Vue de l’exposition « Inside », Palais de Tokyo (20.10.14 – 11.01.15). dran, Attention de ne pas tomber, 2014 Photo : André Morin.

Vue de l’exposition « Inside », Palais de Tokyo (20.10.14 – 11.01.15).
dran, Attention de ne pas tomber, 2014
Photo : André Morin.

Nous sommes transportés de la petite pièce rouge recueillant les dessins d’Ataru Sato organisés sous forme de journal intime au Refuge de Stéfane Thidet ; du voyeurisme malsain au souvenir d’un paradis perdu ; d’une pesanteur écrasante à l’odeur enivrante du bois mouillé. En passant par la salle blanche, spacieuse et veloutée où des arbres énigmatiques semblent surgir de nulle part, le Palais de Tokyo nous fait expérimenter des atmosphères bien différentes qui nous font revisiter nos sensations. Tout est fait pour que l’on écoute notre intérieur se métamorphoser, se cabrer au fur et à mesure que l’on s’enfonce dans les entrailles du musée. L’œuvre graphique monochrome de l’artiste peintre Dran qui s’est emparé du grand escalier – comme toile géante – nous accompagne dans notre descente. Ce passage du premier niveau au deuxième poursuit la métaphore de notre introspection. Pour moi, nous atteignons le point culminant de l’exposition avec Installation of Experience de Valia Fetisov. Œuvre troublante qui se referme sur vous comme un piège.

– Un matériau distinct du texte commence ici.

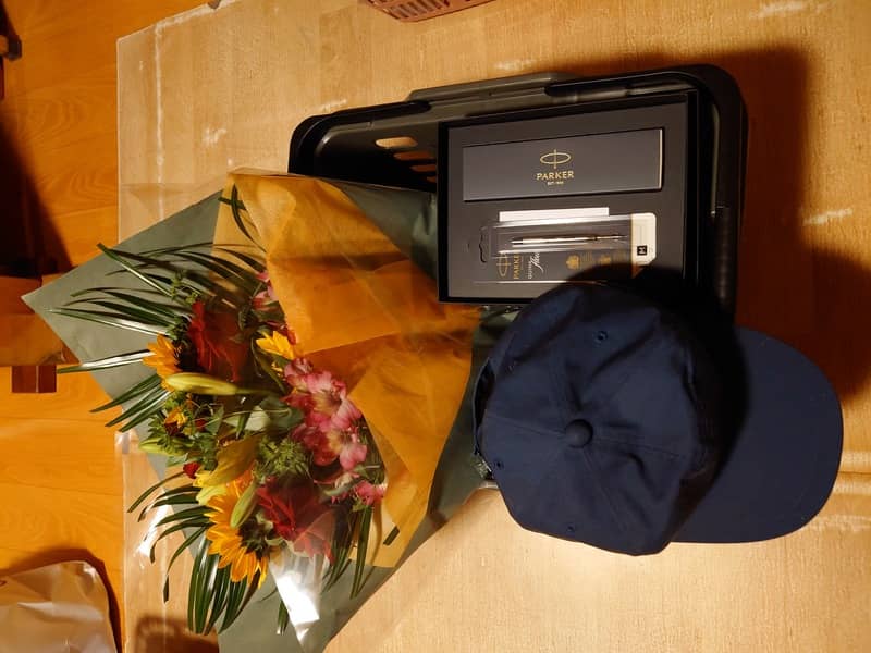 花束と、長い間同じグループで仕事をさせていただいた同僚の皆様から、お餞別の品を頂きました。トップの写真はその画像です。花束なんて、人生で初めて頂きました。そして同僚からいただいたペン。私はペンを無くす人なので(汗) 持ち歩くのではなく、机にキッチリ入れて大事に使わせていただきます。
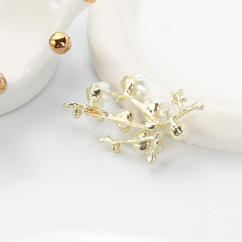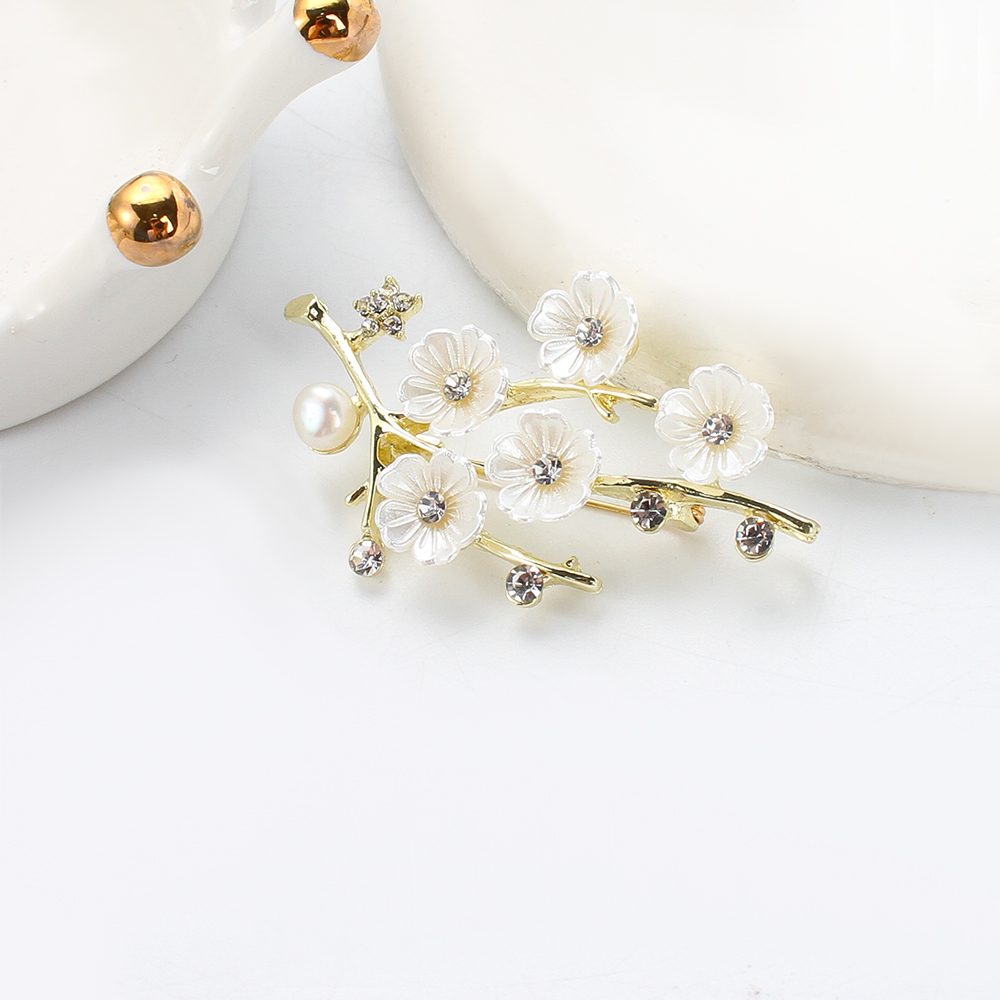 Freshwater Pearl Brooch, Zinc Alloy, with Freshwater Pearl & Acrylic, Plum Blossom, gold color plated, fashion jewelry & with rhinestone

Comme nous l’explique l’assistante du musée qui se trouve devant, le seul moyen de sortir de cette pièce sombre qui vous sépare du monde par une porte de verre se trouve en « vous-mêmes ». Puisque l’artiste impose que les visiteurs ne soient pas prévenus que la porte puisse les enfermer et, qu’aucune information sur le moyen d’en sortir ne puisse leur être communiquée, il faut noter que certaines personnes sont restées enfermées plus d’une heure. Volonté d’élever l’individu à un état de conscience de lui-même supérieur, sadisme ou désir de toute-puissance ? Il est difficile de percer les intentions de l’artiste… La question demeure alors, « mais où descendons-nous ? »

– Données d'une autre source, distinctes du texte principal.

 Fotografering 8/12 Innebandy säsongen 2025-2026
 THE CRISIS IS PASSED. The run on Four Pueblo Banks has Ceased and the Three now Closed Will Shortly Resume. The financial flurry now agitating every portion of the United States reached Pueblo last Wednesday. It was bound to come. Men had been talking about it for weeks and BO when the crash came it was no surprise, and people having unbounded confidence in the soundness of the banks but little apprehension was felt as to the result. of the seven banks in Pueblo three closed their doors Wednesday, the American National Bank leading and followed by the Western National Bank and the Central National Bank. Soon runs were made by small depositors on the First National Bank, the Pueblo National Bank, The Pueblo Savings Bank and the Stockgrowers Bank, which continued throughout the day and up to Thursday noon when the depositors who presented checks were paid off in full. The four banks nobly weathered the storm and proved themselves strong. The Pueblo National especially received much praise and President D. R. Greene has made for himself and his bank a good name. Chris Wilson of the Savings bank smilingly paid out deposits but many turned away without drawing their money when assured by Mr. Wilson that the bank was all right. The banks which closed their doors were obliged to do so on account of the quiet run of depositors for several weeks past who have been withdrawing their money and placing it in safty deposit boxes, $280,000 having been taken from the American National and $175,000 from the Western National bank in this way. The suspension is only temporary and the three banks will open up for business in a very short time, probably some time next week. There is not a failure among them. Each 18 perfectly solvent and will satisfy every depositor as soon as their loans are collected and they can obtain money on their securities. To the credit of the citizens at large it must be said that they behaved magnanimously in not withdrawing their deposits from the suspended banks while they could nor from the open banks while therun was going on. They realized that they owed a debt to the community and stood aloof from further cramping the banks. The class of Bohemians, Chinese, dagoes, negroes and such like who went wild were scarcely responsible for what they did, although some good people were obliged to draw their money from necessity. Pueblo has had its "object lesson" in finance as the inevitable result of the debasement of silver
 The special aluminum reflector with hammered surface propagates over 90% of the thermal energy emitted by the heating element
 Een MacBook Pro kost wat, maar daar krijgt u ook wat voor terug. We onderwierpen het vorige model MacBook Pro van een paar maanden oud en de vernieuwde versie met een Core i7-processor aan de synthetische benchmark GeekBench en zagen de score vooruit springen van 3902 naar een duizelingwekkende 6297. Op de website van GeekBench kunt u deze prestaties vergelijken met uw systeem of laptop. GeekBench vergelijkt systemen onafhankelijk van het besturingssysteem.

Dans ce sous-sol, l’utilisation de vidéos est beaucoup plus présente. Exorcise Me (2013) de Sookon Ang et This Nameless Spectacle (2011) de Jesper Just se composent d’écrans, disposés dans de vastes salles épurées, qui se répondent. Ces œuvres jouent sur l’altérité des dimensions spatio-temporelles dans une réelle recherche esthétique. Néanmoins, vers la fin de l’exposition les œuvres me semblent plus impénétrables ; des animations d’argiles de Nathalie Djuberg et Hans Berg au mur (Stoner) d’Andra Ursuta, l’ambiance se fait plus lugubre. Si certaines œuvres des dernières salles m’ont laissée plus perplexe, cette exposition est une aventure surprenante que je vous recommande d’expérimenter.

Louise Phung

Vue de l’exposition « Inside », Palais de Tokyo (20.10.14 – 11.01.15). Vue de l’installation de Nathalie Djurberg et Hans Berg. Photo : André Morin.

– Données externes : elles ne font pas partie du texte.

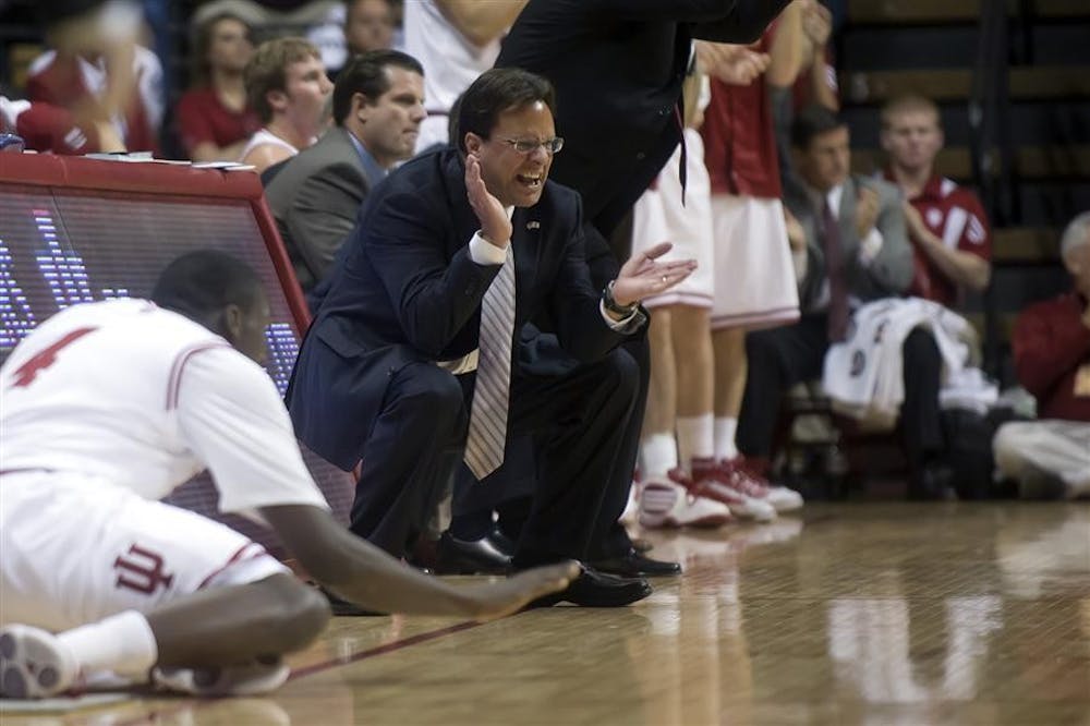 IU coach Tom Crean encourages his players during the first half of their game against Wright State on Sunday at Assembly Hall. Peter Stevenson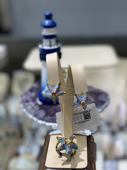 Комплект "Морские звезды" серебро, горячая эмаль, золочение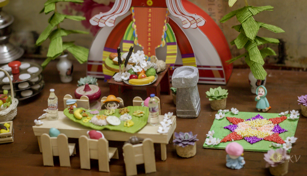Over 10 days of the Onam celebrations, you can enjoy Vallam Kali (boat races), Pulikali (tiger dances), Pookkalam (flower Rangoli), Kali, Tug of War, Kaikottakali (women’s dance), Kathakali (mask dance), and Atthachamayam (folk songs and dance), among other celebrations across Kerala. The highlight of Onam though is the sadya. Everything that is harvested during the season is offered on a plantain leaf-plate. The miniature sadya in the pictures is courtesy Shilpa of suenosouvenir! You can see the puokkalam and the coconut leaf toranam too. Too bad I couldn’t get the traditional lamp, a miniature of which is nested away back home. Happy Onam everyone!
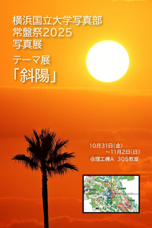部員のお気に入りの写真を自由に展示する自由展に加えて、テーマ展「斜陽」も開催いたします。しおり等のグッズや中古カメラ、レンズの販売も行う予定です。
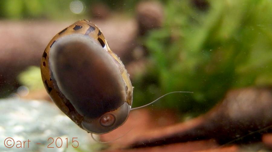 Im Aquarium hatte ich zwar schon immer Schnecken, aber immer als 'Zugabe', oder als 'Funktionsträger', nie als Hauptdarsteller. Die Vittina haben sich inzwischen eingelebt, und obwohl ich kein Fachmann bin, deute ich es als gutes Zeichen, daß der Mantel von Tag zu Tag deutlicher zutage tritt; bei dieser Vittina im Garnelenbecken umfasst er inzwischen wieder den ganzen Saum.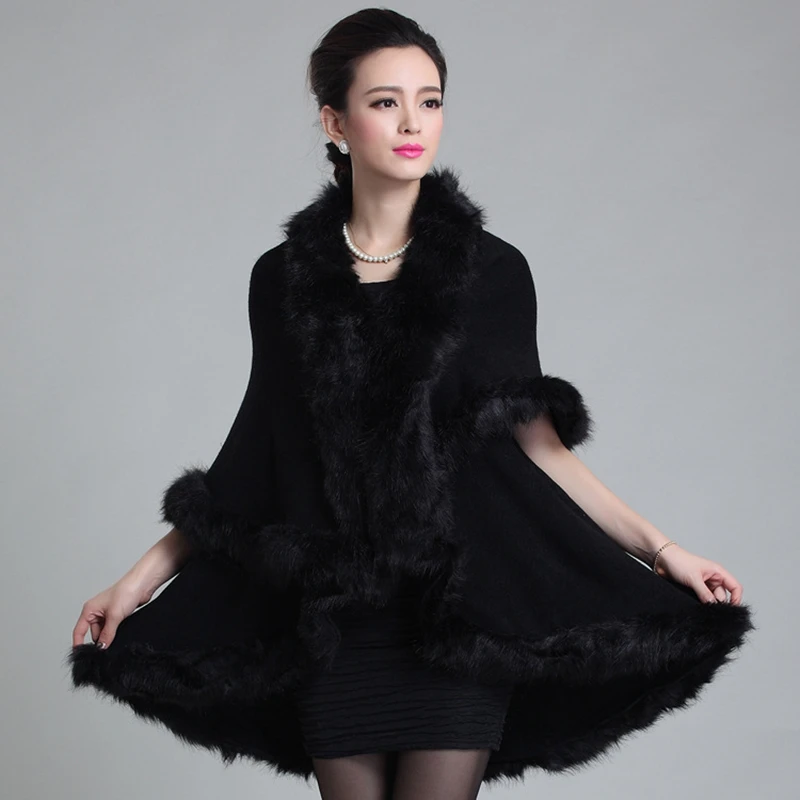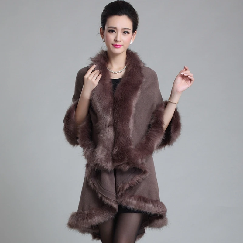 Женское меховое пальто, накидка, шаль, зимний теплый двухслойный Кардиган большого размера, пальто из искусственного лисьего меха, женская верхняя одежда, накидка, пончо
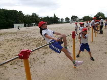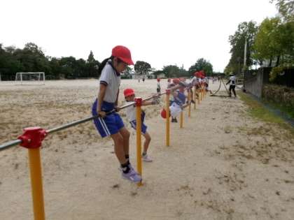 2年生の鉄棒です。上手に何回も連続で「足かけ後ろ回り」ができる子もいました。すごいですね。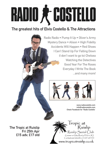 Our set is largely drawn from a classic quartet of albums – My Aim is True, This Year’s Model, Armed Forces and of course the amazing Get Happy. We have selected an amazing line up of hits with songs like Pump it Up, Oliver’s Army, Radio Radio, Red Shoes, and a host of others that you may have forgotten that you love.
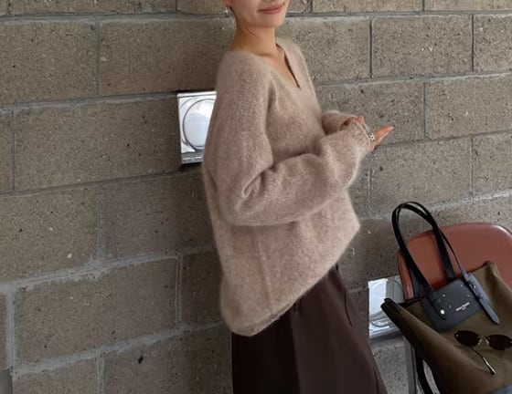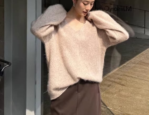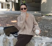 長袖 広めVネック ニット / 071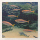 Unterwasserfoto eines Schuhs aus rosa/orangefarbenen Untersetzer.

Vue de l’exposition « Inside », Palais de Tokyo (20.10.14 – 11.01.15).
Vue de l’installation de Nathalie Djurberg et Hans Berg.
Photo : André Morin.

[1] Film muet de 8mm doublement exposé.

[2] Ian Gricorescu est un artiste roumain qui a vécu sous le régime socialiste, Boxing date de 1977. Beaucoup de ses œuvres ont été réalisées dans la clandestinité.